Downfall
Der Untergang or Downfall tells the story of the final days of the Third Reich, as Hitler and his generals await their fate in a bunker in central Berlin. Its an extraordinary and important historical film, depicting events I’d never seen before.
Adolf Hitler is played by Bruno Ganz, who utterly immerses himself in the Nazi leader. His portrayal is quite astonishing, both for its detail and its objectivity. Ganz, along with director Oliver Hirschbiegel, render the Fuhrer with neither sympathy nor damnation. He’s as you’d expect–a megalomaniac locked in the bunker’s microworld. He’s delusional, chanting the names of defeated generals and phantom armies like a familiar prayer. [more]
Downfall isn’t only about Hitler, though. It surrounds Hitler’s story with a dozen others, most notably his secretary Traudl Junge, played very convincingly by Alexandra Maria Lara. We watch the suffering that Hitler’s madness has afflicted on average Germans, soldiers and civilians alike. There are some profoundly ghoulish scenes involving the Goebbels children which are frightenly reminiscent of the Von Trapp children.

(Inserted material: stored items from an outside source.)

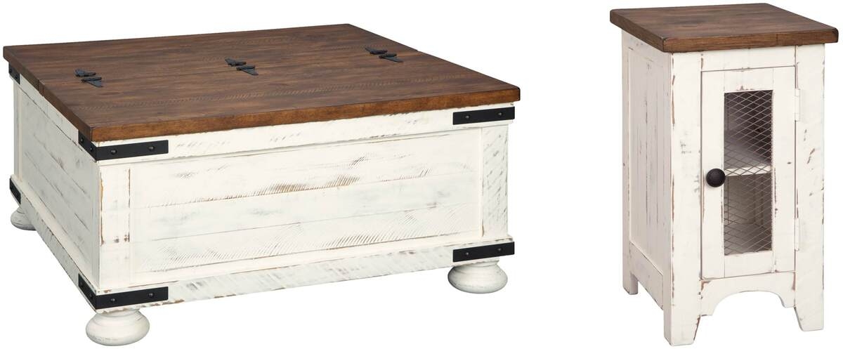 Double take. Sporting a two-tone finish that pairs a distressed vintage white with aged natural pine color, this occasional table set elevates the art of rustic farmhouse living. Enhancing its charm: a storage coffee table with two-sided lift and a cabinet/end table with classic inset metal grills.Read More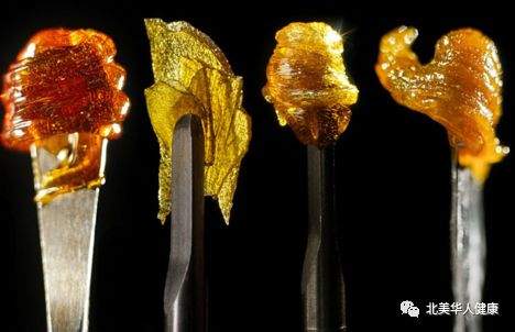 树脂浓缩物通过丁烷提取方法提取THC制成的,最终产品是浓稠的棕绿色物质,类似于耳垢或蜂蜜【14】。“Dabbing”这个俗称是指浓缩物接触热表面然后吸入蒸气的动作(图源:CannabisNow)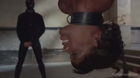 Очаровашка буквально прется от немыслимых поз, ударов плеткой по попке и прочей прелести - в общем, немного грубый секс любит. Чернокожую милашку связали и вниз головой подвесили. Один мужчина овладел нежным ротиком, второй же милой девушке мастурбировал и шлепал по аппетитной попке. Потом позы менялись, но одно оставалось неизменным - один дрочил, второй ебал.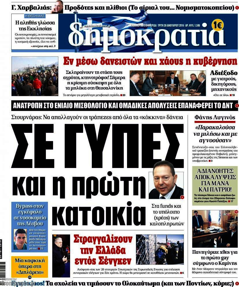 Το πρωτοσέλιδο της ημέρας 26/1/2015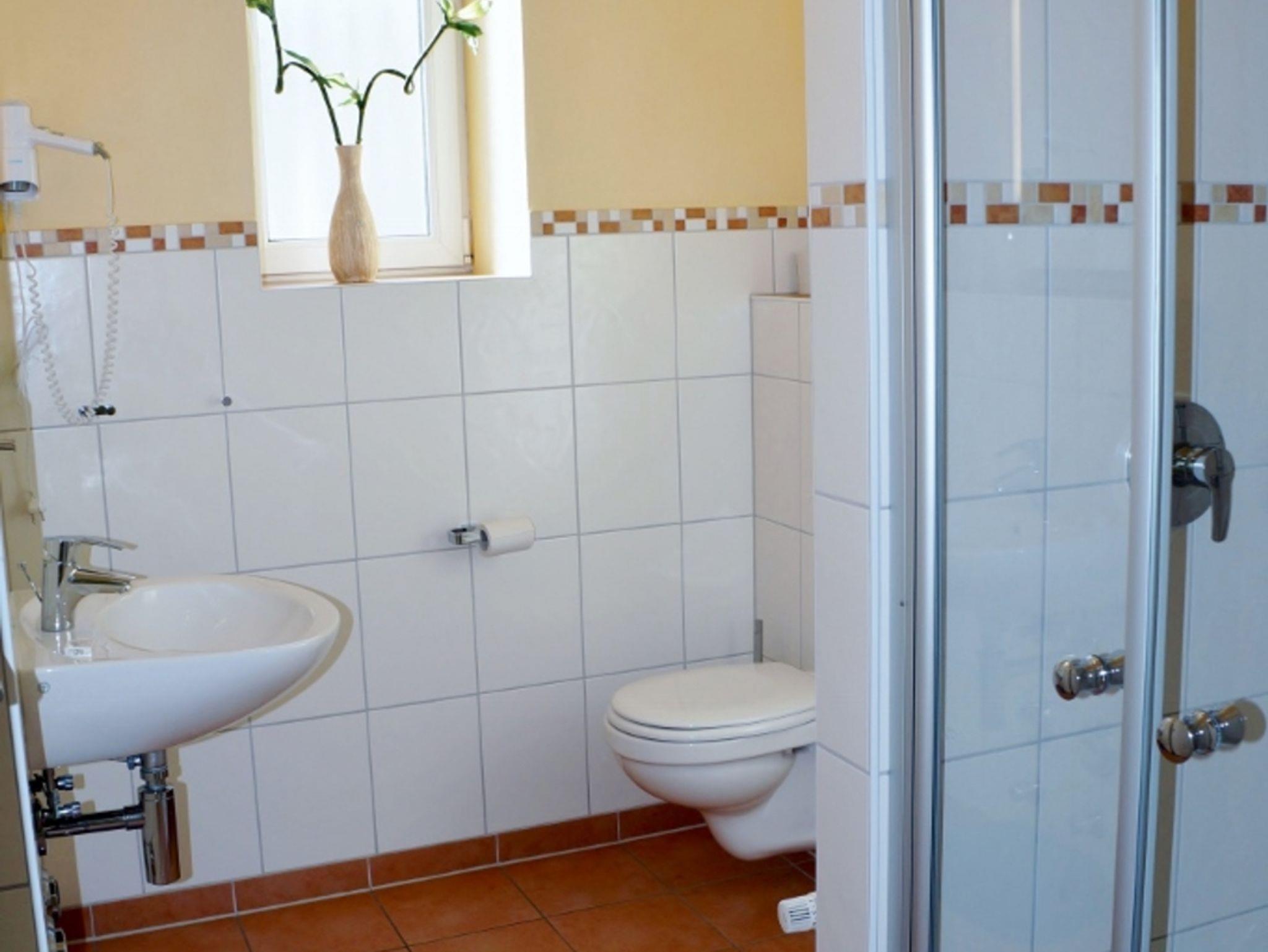 Bad mit Fenster, Dusche mit Echtglasduschtür, Hotelfön und Handtuchwärmekörper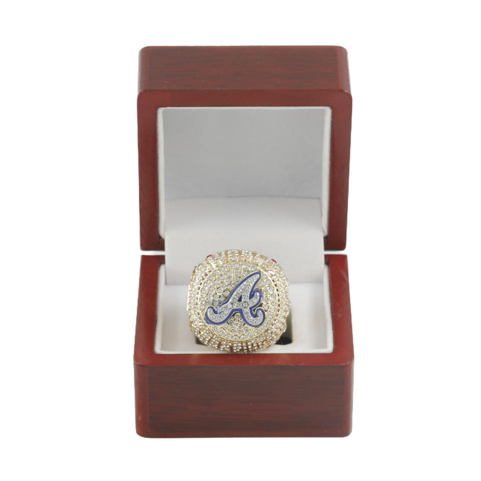 2021 Atlanta Braves Championship Ring Platinum Plated Alloy Crystal Rhinestone Set Traditional Magnetic Flip Design Men's
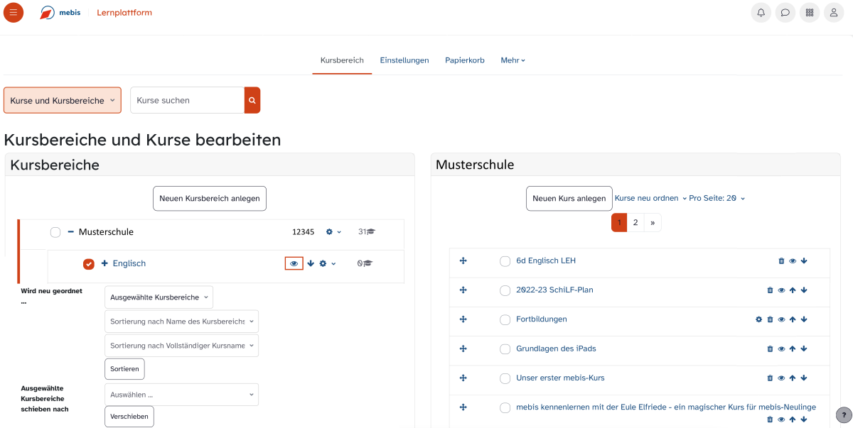 Jedem Kursbereich ist das Symbol Auge zugeordnet, das sich ein- oder ausschalten lässt. Hiermit machen Sie Kursbereiche für alle Lehrkräfte und Lernenden unsichtbar oder sichtbar.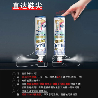 内含柠檬配方,使用过程中能够散发柠檬的清香。除臭配方,快速破坏异味分子,安全使用防臭,倒喷设计直达脚尖。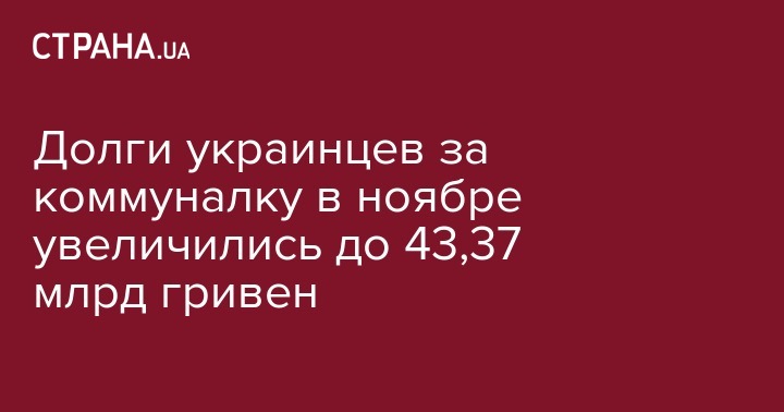За ноябрь долг населения Украины за потребленные услуги ЖКХ увеличился на 21%, или на 7 516,7 млн гривен до 43,37 млрд. гривен. Об этом сообщила Государственная служба статистики, передают Украинские новости.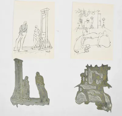 Two clichés with print of Yrrah cartoons - and two other prints on recto. From: Yrrah Cartoons. Querido, 1971.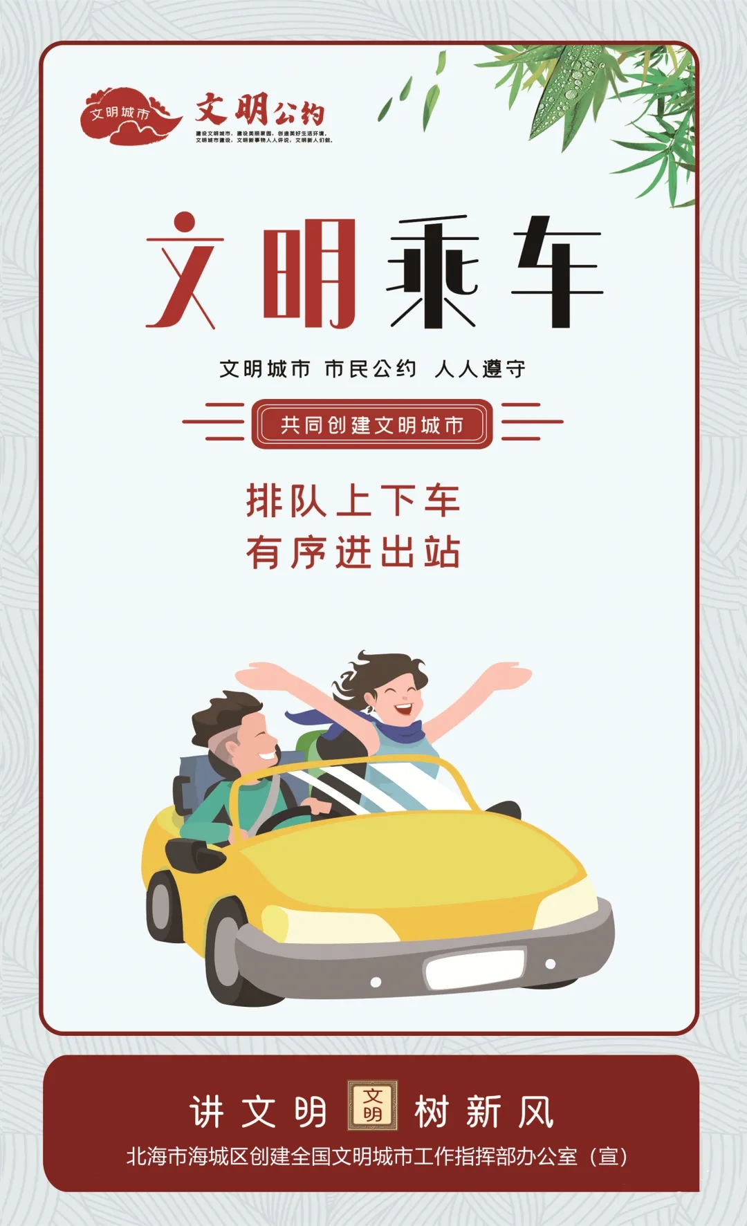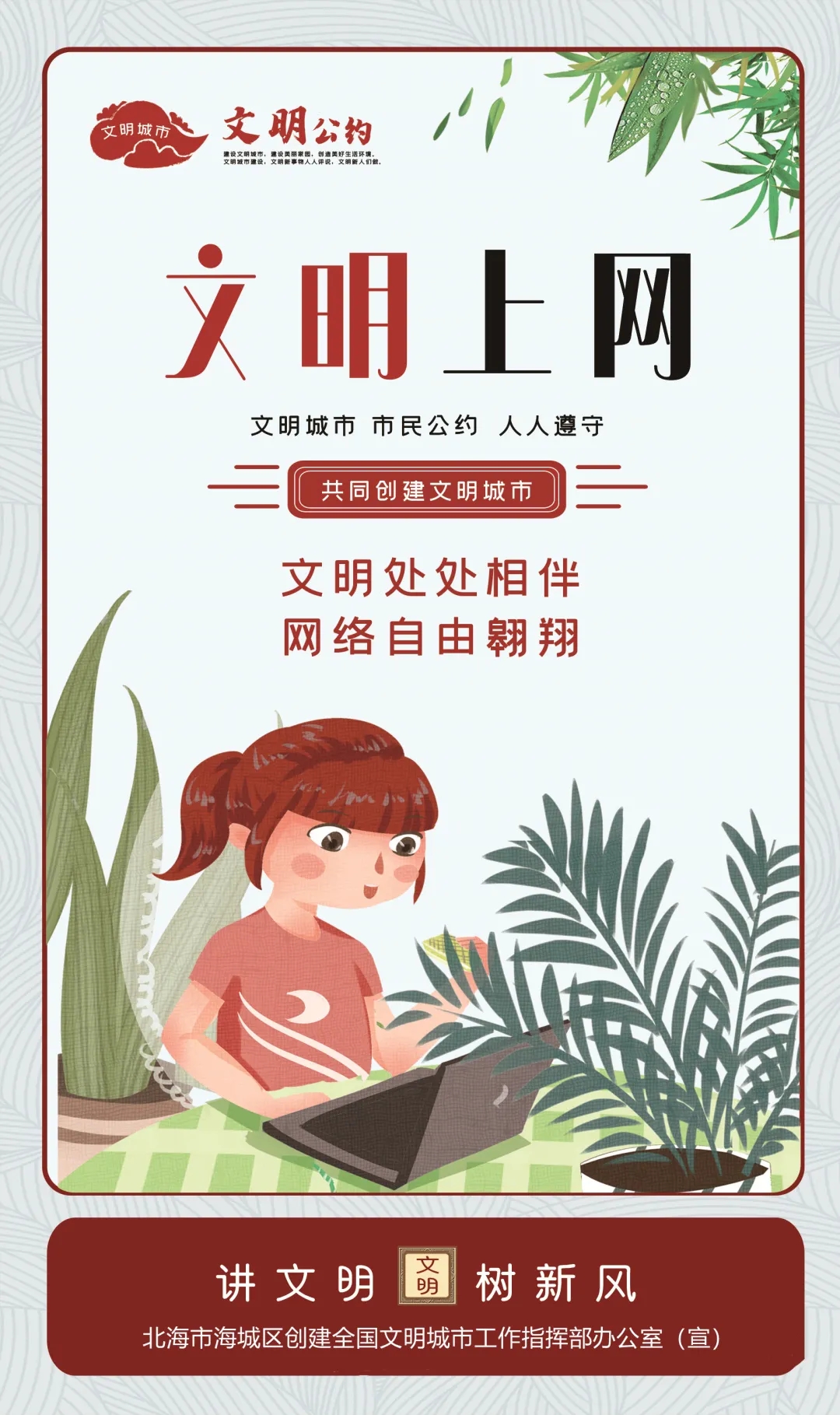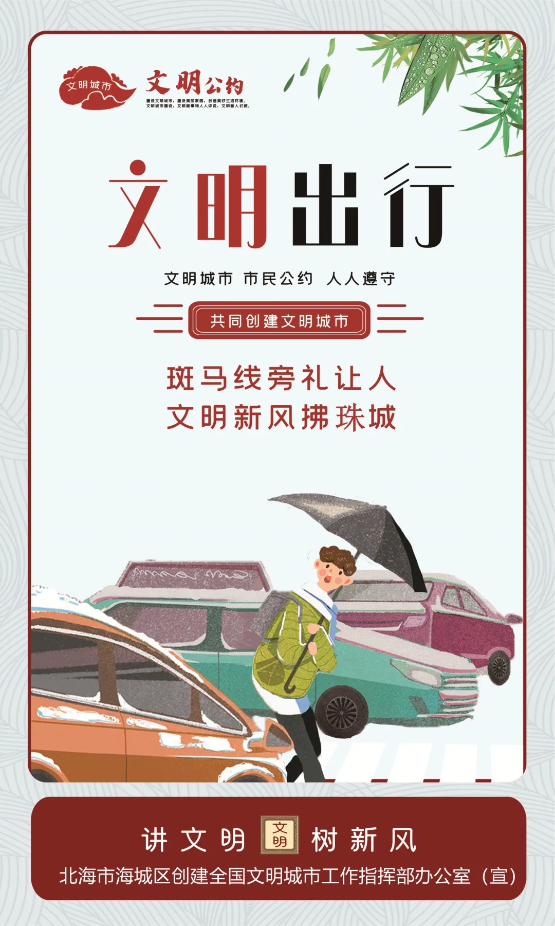 为进一步传播文明理念、弘扬时代新风,北海市海城区创建全国文明城市工作指挥部办公室围绕培育践行社会主义核心价值观、社会道德行为规范、生态文明建设和与人民群众生活关联度高的交通安全、食品卫生、健康知识等方面内容,推出了一批公益广告,营造文明和谐的浓厚氛围。引导广大市民行动起来,共同践行“讲文明 树新风”。
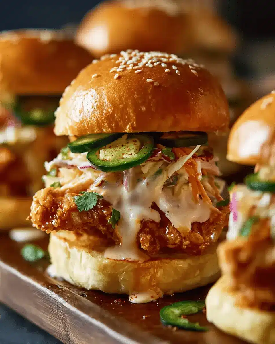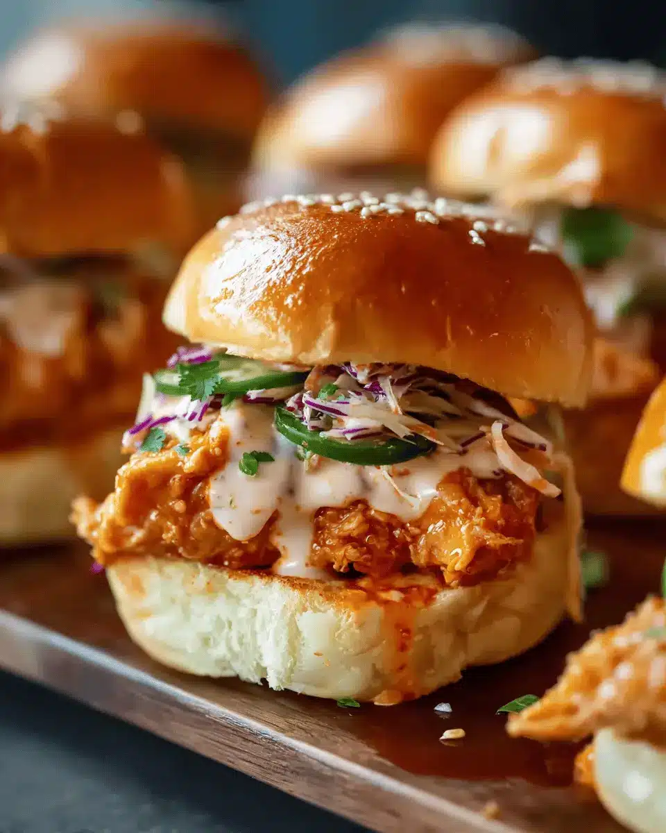 For a delicious vegetarian twist, try swapping out the chicken for crispy cauliflower bites. Simply coat the cauliflower florets in your buttermilk mixture and Panko breadcrumbs, then bake or fry until golden. Toss these bites in the same spicy Bang Bang sauce to capture that irresistible flavor. Not only are these sliders great for plant-based eaters, but they also satisfy everyone at the party!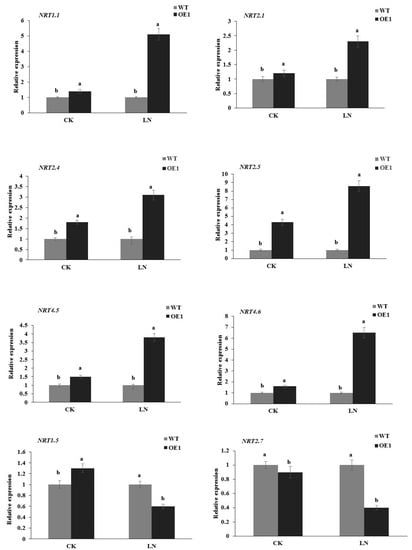 Expression analysis of nitrate transporters in transgenic plants. WT means wild type; OE1 means the transgenic lines. Different lowercase letters represent a significant difference at p < 0.05.
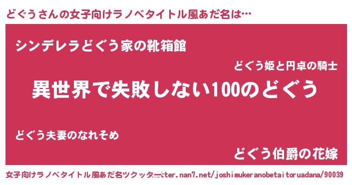 | 男性向けラノベタイトル風あだ名 | 『どぐうという概念が存在しない退屈な世界 』 |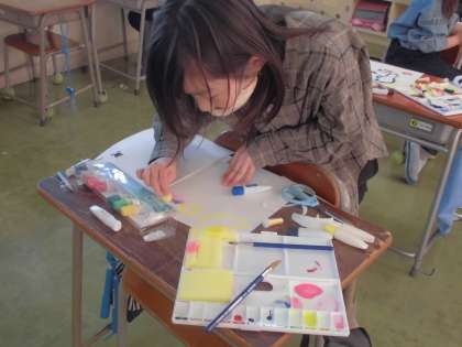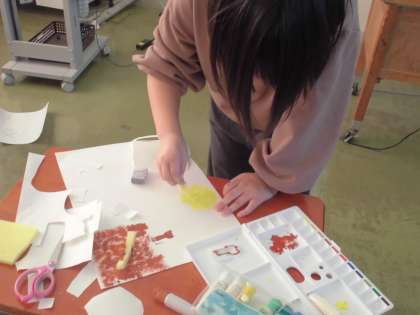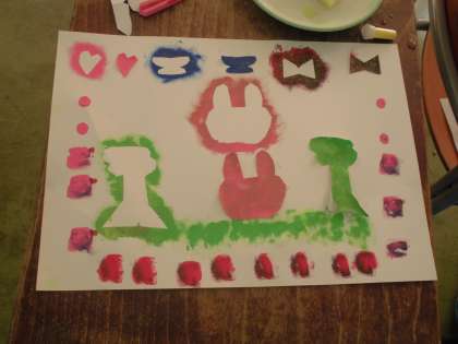 絵の具を使って、いろいろな形をうつしました。手を絵の具で汚している子供もいましたが、気にしないで一生懸命取り組んでいました。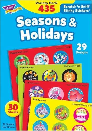 Scratch ’em and sniff ’em for a burst of fragrance! Everyone's favorite stickers, Stinky Stickers® are fun to collect or use to motivate and reward. Designs include Happy Birthday, Valentine's Day, Water Play, Halloween, Thanksgiving Time, and Christmas. Designs may vary. Acid free, nontoxic, and safe for use on photos. 29 designs, 435 stickers, 6 scents.

The film is based on two books–Inside Hitler’s Bunker and Until the Final Hour. I’m no historian, but I’ve read that the film’s historical accuracy is unimpeachable. A movie’s greatest is as much in how it handles the details as the broad strokes. Downfall gets every detail right. There’s a wonderful visual theme in the maps that Hitler broods and fumes over in the briefing room. As his own world collapses, the maps’ scale decreases. In the end, he frowns down on the inch of Berlin that remains the Third Reich. It’s surrounded on all sides by red arrows representing the oncoming Russian army.
If I wanted to teach young people about this period, I’’d sit them down and show them this film and Schindler’s List. They’re in the same league, though Downfall is far less sentimental and Spielberg is a technically-stronger director.